PO-04. Dinutuximab beta immunotherapy after autologous and allogeneic hemopoietic stem cell transplantation in patients with high- and ultrahigh-risk group neuroblastoma: RM Gorbacheva Research Institute experience
Ilya V. Kazantsev, Asmik G. Gevorgian, Polina S. Tolkunova, Tatiana V. Iukhta, Daria A. Drozdovskaya, Andrew V. Kozlov, Margarita S. Golenkova, Alexander N. Galimov, Olga I. Bogdanova, Ekaterina V. Goncharova, Yuri A. Punanov, Alexander D. Kulagin, Ludmila S. Zubarovskaya
RM Gorbacheva Research Institute, Pavlov University, St. Petersburg, Russia
Dr. Ilya V. Kazantsev, phone +7 (963) 348-05-24, e-mail: Ilya_Kazantsev@inbox.ru
Neuroblastoma (NB) is the most common extracranial solid tumor in infants and younger children characterized by significant biological and clinical heterogeneity. The currently used Russian standard of treatment for high-risk patients allows achieving the long-term survival of about 40% in spite of highly intensive complex therapy used. In ultrahigh-risk group the results are even worse with less than 10% of patients achieving a durable response. Also, there is still no consensus on optimal treatment of patients with primary resistant disease or relapse and the prognosis in this cohort is still dismal. Immunotherapy with anti-GD2 antibodies is potentially effective in these situations. It may also be used in autologous (auto-HSCT) or haploidentical donor allogeneic stem cell transplantation (haplo-HSCT) settings.
Patients and methods
In 2017-2021 a total of 19 patients with NB received 76 courses of anti-GD2 antibodies (dinutuximab beta) immunotherapy after auto-HSCT (n=13) and allo-HSCT (n=6) within two pilot trials conducted by RM Gorbacheva Research Institute. All auto-HSCT recipients belonged to high-risk group and previously achieved complete or very good partial response, 3 of them belonged to ultrahigh-risk group according to stratification scale by Morgentern DA et al. The haplo-HSCT recipients were treated for primary resistant-disease (n=1), first (n=4) or second (n=1) systemic relapse. In all cases prior to haplo-HSCT a non-myeloablative (Flu-Mel) conditioning regimen was used. In 5 of 6 cases the graft-versus-host disease (GVHD) prophylaxis was post-transplant cyclophosphamide based. In 4 of 6 cases patients retained a complete or very good partial response at the time of immunotherapy initiation. In 2 cases patients received immunotherapy due to early relapse post haplo-HSCT. In both cases immunotherapy was given in combination with temozolomide.

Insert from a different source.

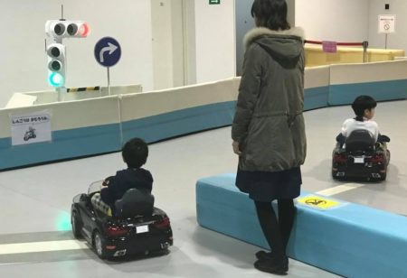 コースの途中に2カ所ほど信号あり、付き添いの皆さん子供に厳しく信号守るように教えてます。見てると当然ながら1度じゃ納得出来ないらしく、何回も乗ってる。ウチも3回乗りしたね。すると2回目くらいから何も言われなくても信号で止まるようになるから面白い。有料でもいいと思うけれど、こんなことで儲けたってタイしたことないとトヨタは考えているんだろう。
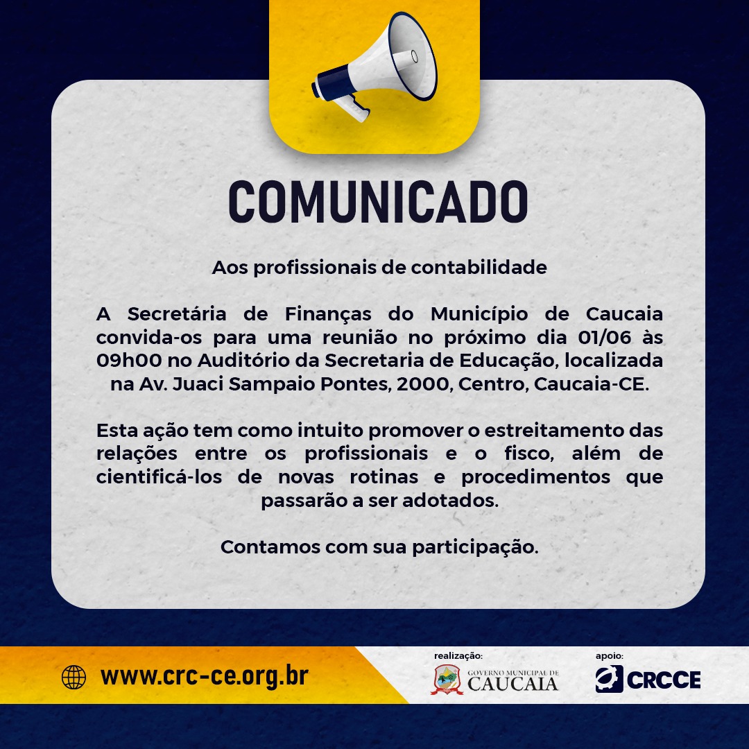 Convite Reunião dos Profissionais da Contabilidade na Secretaria de Finanças de Caucaia

With a median follow-up of 16 (6-27) months 11 of 13 patients receiving immunotherapy after auto-HSCT retain complete response. Two patients, both from ultrahigh-risk subgroup relapsed, bub responded well to salvage therapy. Therefore, the EFS and OS in this group are currently 80% and 100%, accordingly. The patients with 1st and 2nd relapse are still in remission 17, 37 and 43 months after haplo-HSCT. The patent with primary resistant disease relapsed in 55 months. Both patients receiving immunotherapy as salvage treatment died of disease progression with no signs of response. The overall anti-GD2 immunotherapy toxicity was acceptable. No signs of clinically significant GVHD were observed in haplo-HSCT recipients. There were, however, 4 cases of neurotoxicity (2 in auto- and 2 in haplo-HSCT recipients), requiring therapy cessation in 2 cases.
Dinutuximab beta immunotherapy is characterized by acceptable toxicity both in auto- and haplo-HSCT recipients. It allows achieving good short-term results, although these results are much worse in patients with chemoresistant disease of ultrahigh-risk group patients. The larger cohort and longer follow-up are needed to clearly evaluate long-term results.
Neuroblastoma, high-risk group, ultrahigh-risk group, immunotherapy, auto-HSCT, haplo-HSCT.